Exercise details: Type out the whole listing again exactly, pictures omitted.

Supplied material:
____________________

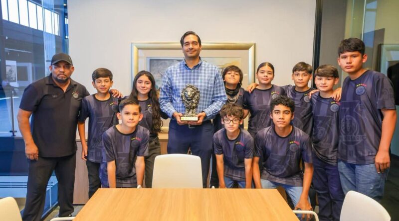 Reynosa, Tamaulipas.- El Presidente Municipal de Reynosa, Carlos Peña Ortiz, recibió a los integrantes del equipo infantil de futbol Leones Negros, destacando el orgullo que representa para la ciudad contar con niñas y niños que portan con pasión, disciplina y compromiso el nombre de Reynosa.
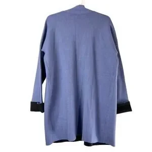 NEW J Jill Reversible Open Front Cardigan Womens Size Small Blue Gray Pockets
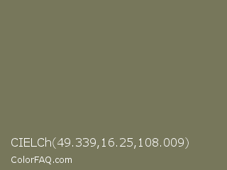 CIELCh 49.339,16.25,108.009 Color is a normal yellow color and the nearest color is Pablo #776f61. Hex code #77775b and RGB value is rgb(119,119,91). In RGB color space, this color is composed of 47% red, 47% green, 36% blue, In CMYK color space, this color is composed of 0% cyan, 0% magenta, 24% yellow , 53% black , In HSL color space, this color has a hue angle of 60° , 13% saturation and 41% lightness.

____________________

Response area:
 Reynosa, Tamaulipas.- El Presidente Municipal de Reynosa, Carlos Peña Ortiz, recibió a los integrantes del equipo infantil de futbol Leones Negros, destacando el orgullo que representa para la ciudad contar con niñas y niños que portan con pasión, disciplina y compromiso el nombre de Reynosa.
 NEW J Jill Reversible Open Front Cardigan Womens Size Small Blue Gray Pockets
 CIELCh 49.339,16.25,108.009 Color is a normal yellow color and the nearest color is Pablo #776f61. Hex code #77775b and RGB value is rgb(119,119,91). In RGB color space, this color is composed of 47% red, 47% green, 36% blue, In CMYK color space, this color is composed of 0% cyan, 0% magenta, 24% yellow , 53% black , In HSL color space, this color has a hue angle of 60° , 13% saturation and 41% lightness.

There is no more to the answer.